#### Dataset ####
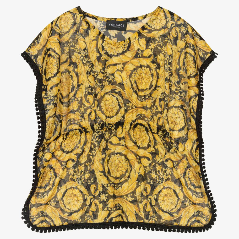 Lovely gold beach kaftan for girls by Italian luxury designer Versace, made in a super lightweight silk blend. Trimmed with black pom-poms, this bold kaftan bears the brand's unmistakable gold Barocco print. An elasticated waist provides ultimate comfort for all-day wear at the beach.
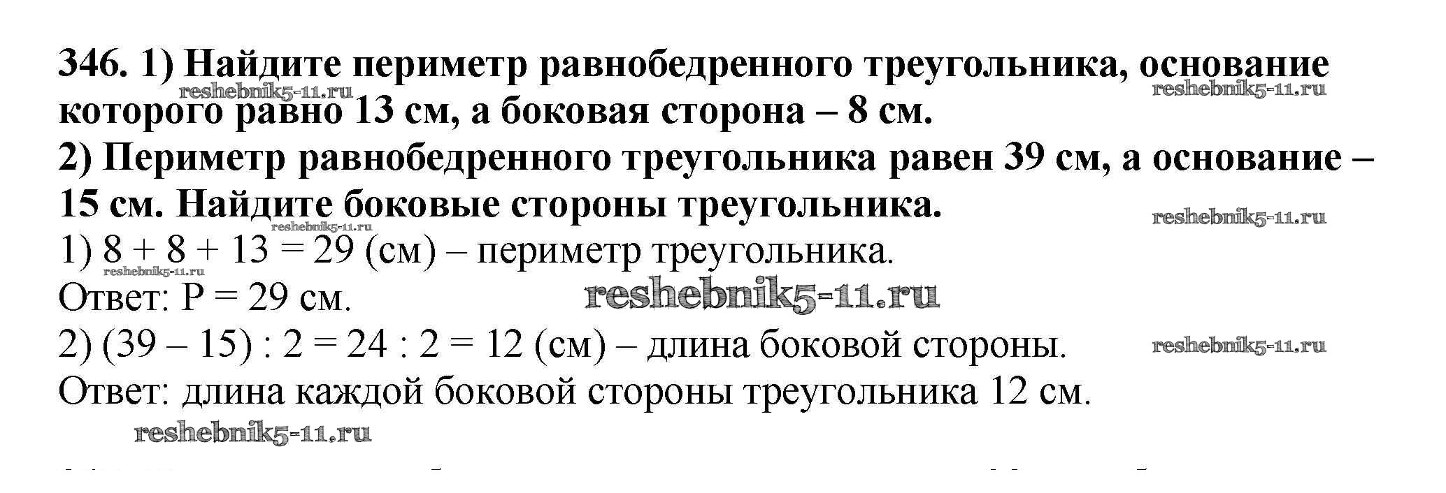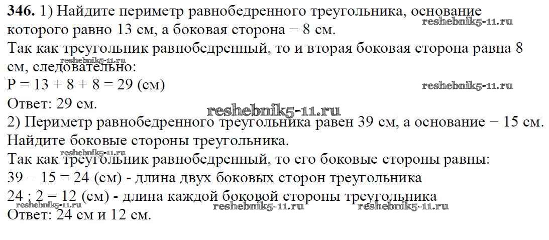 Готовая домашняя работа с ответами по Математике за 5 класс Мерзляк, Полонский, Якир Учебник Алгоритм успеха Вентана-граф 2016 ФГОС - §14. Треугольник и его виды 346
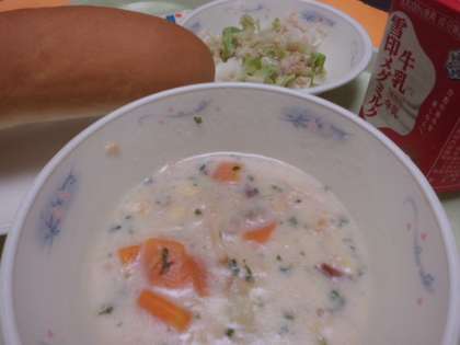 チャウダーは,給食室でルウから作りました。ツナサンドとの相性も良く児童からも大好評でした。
####
#### Dataset ####
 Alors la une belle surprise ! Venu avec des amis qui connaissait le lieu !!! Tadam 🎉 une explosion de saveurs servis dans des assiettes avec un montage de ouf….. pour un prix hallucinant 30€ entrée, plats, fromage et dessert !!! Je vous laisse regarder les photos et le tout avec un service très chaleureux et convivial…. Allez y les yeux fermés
####
#### Dataset ####
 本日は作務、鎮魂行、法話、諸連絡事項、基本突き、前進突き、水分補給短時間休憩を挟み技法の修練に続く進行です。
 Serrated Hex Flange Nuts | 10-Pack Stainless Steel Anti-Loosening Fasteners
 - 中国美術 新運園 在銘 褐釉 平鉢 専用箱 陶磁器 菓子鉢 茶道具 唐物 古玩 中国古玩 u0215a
####
*Work order:* Above are some lines. Repeat exactly, and only, those from the line that has "Serrated Hex Flange" through the line that has "- 中国美術 新運園 在銘".

*Solution:*
 Serrated Hex Flange Nuts | 10-Pack Stainless Steel Anti-Loosening Fasteners
 - 中国美術 新運園 在銘 褐釉 平鉢 専用箱 陶磁器 菓子鉢 茶道具 唐物 古玩 中国古玩 u0215a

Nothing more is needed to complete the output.